- 1 What is the Stryker Triathlon knee made of?
- 2 What is a Triathlon knee replacement?
- 3 How much does a Stryker knee cost?
- 4 What metal is used in Stryker knee replacement?
- 5 What is the best age to have a knee replacement?
- 6 Can you wait too long for knee replacement surgery?
- 7 What muscles are cut in a total knee replacement?
- 8 What is replaced with a total knee replacement?
- 9 What is the best knee replacement?
- 10 What are the disadvantages of a knee replacement?
- 11 Is robotic knee surgery better?
- 12 How long do artificial knees last?
- 13 What is the most commonly reported problem after knee replacement surgery?
- 14 Can you get an MRI with a knee replacement?
- 15 What metal is used in a total knee replacement?
What is the Stryker Triathlon knee made of?
The Triathlon Tritanium Metal-Backed Patella* features Stryker’s Tritanium 3D porous metal technology, made from commercially pure titanium, on the metal underside of the patella. > The Triathlon Tritanium Metal-Backed patellar components* are available with conventional polyethylene.
What is a Triathlon knee replacement?
The Triathlon knee system from Stryker is a popular total knee replacement. The polyethylene used in the TKR is from the X3 Stryker modern polyethylene range. The Triathlon knee replacement also has shortened and flared posterior condyles designed to allow a potential 150 degrees of flexion.
How much does a Stryker knee cost?
Stryker is launching its Triathlon total knee on its Mako robotic system, reportedly priced at $1 million, at a time of bundled payments and cost consciousness in joint replacement procedures.
What metal is used in Stryker knee replacement?
There are many knee replacement systems manufactured by Stryker, and each system is made from metals and components specific to that system. While cobalt-chromium and titanium are the most common, there are several other components that can be used to make the prosthesis.
What is the best age to have a knee replacement?
Knee replacement surgery isn’t typically recommended if you’re younger than 50. While recommendations for surgery are based on a patient’s pain and disability, most patients who undergo a total knee replacement are age 50-80. Why? Knee replacements are not as durable as your own knee and eventually wear out.
Can you wait too long for knee replacement surgery?
Unfortunately, many people wait too long to get knee replacement surgery. One study found that up to 90% of individuals in need of a knee replacement wait too long—often two or more years after the point at which they were considered a viable candidate for joint replacement.
What muscles are cut in a total knee replacement?
Traditional total knee replacement entails cutting into the quadriceps tendon, which connects the large quadriceps muscle group on the front of the thigh to the kneecap. The surgeon then moves the kneecap out of the way to access the arthritic joint.
What is replaced with a total knee replacement?
During a total knee replacement, the end of the femur bone is removed and replaced with a metal shell. The end of the lower leg bone (tibia) is also removed and replaced with a channeled plastic piece with a metal stem.

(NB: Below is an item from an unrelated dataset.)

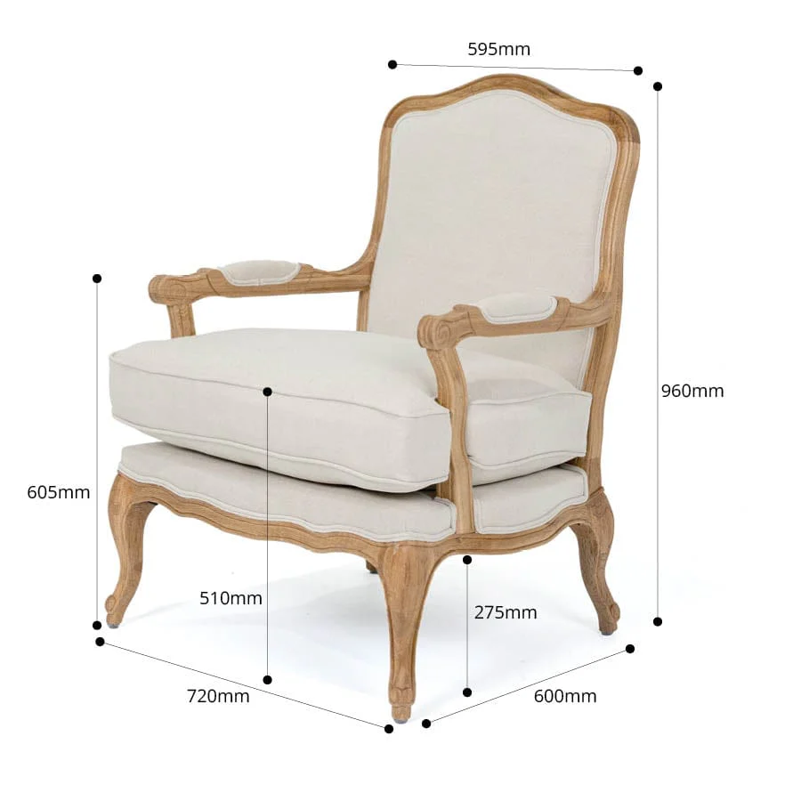 The French Provincial Occasional Chair is a classic French design, handcrafted and upholstered for elegance and comfort. Embracing a lovely juxtaposition between ornate and decorative heritage and the pared back style of country residence. Featuring a solid carved oak frame and legs, this piece will stand the test of time and feature beautifully in any chosen space.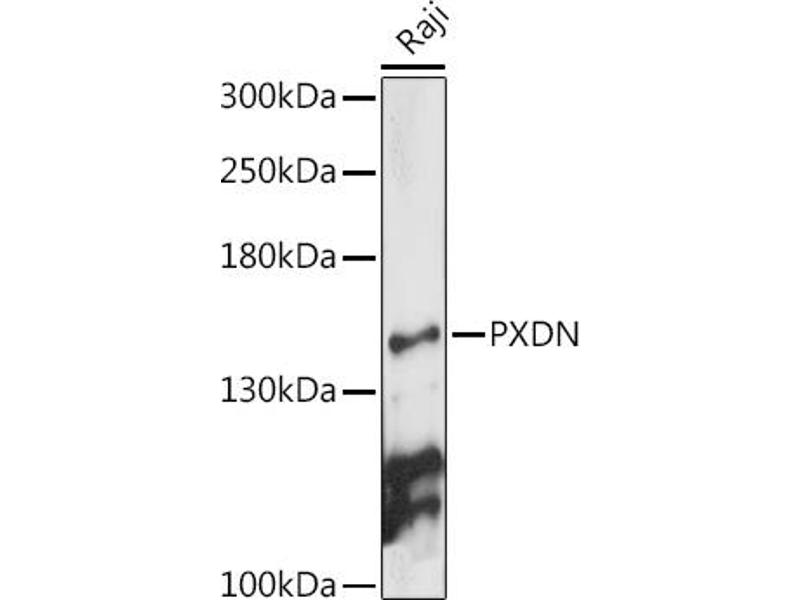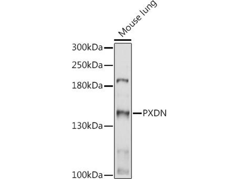 This gene encodes a heme-containing peroxidase that is secreted into the extracellular matrix. It is involved in extracellular matrix formation, and may function in the physiological and pathological fibrogenic response in fibrotic kidney. Mutations in this gene cause corneal opacification and other ocular anomalies, and also microphthalmia and anterior segment dysgenesis.,PXN,VPO,MG50,PRG2,ASGD7,COPOA,D2S448,D2S448E,PXDN,Signal Transduction,Cell Biology & Developmental Biology,Cytoskeleton,Extracellular Matrix,PXDN

What is the best knee replacement?
A TKR is now among the safest and most effective of all standard orthopedic surgeries. During a TKR, a surgeon removes the surface of your bones that have been damaged by osteoarthritis or other causes and replaces the knee with an artificial implant that is selected to fit your anatomy.
What are the disadvantages of a knee replacement?
Disadvantages. Possible disadvantages of knee replacement surgery can include replacement joints wearing out over time, difficulties with some movements and numbness. We now know that knee replacements aren’t so likely to be effective in the early stages of arthritis.
Is robotic knee surgery better?
Yes — robotic surgery has been shown to deliver better results vs. traditional knee replacement. Studies have shown surgeries performed with robotics offer more accurate results. The less trauma on the bone and tissue, the better the results, and robotic assistance allows for precision that reduces traumatic areas.
How long do artificial knees last?
In 85% to 90% of people who have a total knee replacement, the knee implants used will last about 15 to 20 years. This means that some patients who have a knee replacement at a younger age may eventually need a second operation to clean the bone surfaces and refixate the implants.
What is the most commonly reported problem after knee replacement surgery?
Knee replacement surgery can result in physical complications ranging from pain and swelling to implant rejection, infection and bone fractures. Pain may be the most common complication following knee replacement.
Can you get an MRI with a knee replacement?
Yes. MRI scans of other parts of your body are safe after knee replacement. Although some old MRI scanning equipment may not be compatible with your prosthesis, the majority of MRI scanning equipment today is safe and compatible with knee replacement parts.
What metal is used in a total knee replacement?
The metal parts of the implant are made of titanium or cobalt-chromium based alloys. The plastic parts are made of ultra high molecular weight polyethylene. Some implants are made of ceramics or ceramic/metal mixtures. Whether metal or ceramic, implants weigh between 15 and 20 ounces, depending on the size selected.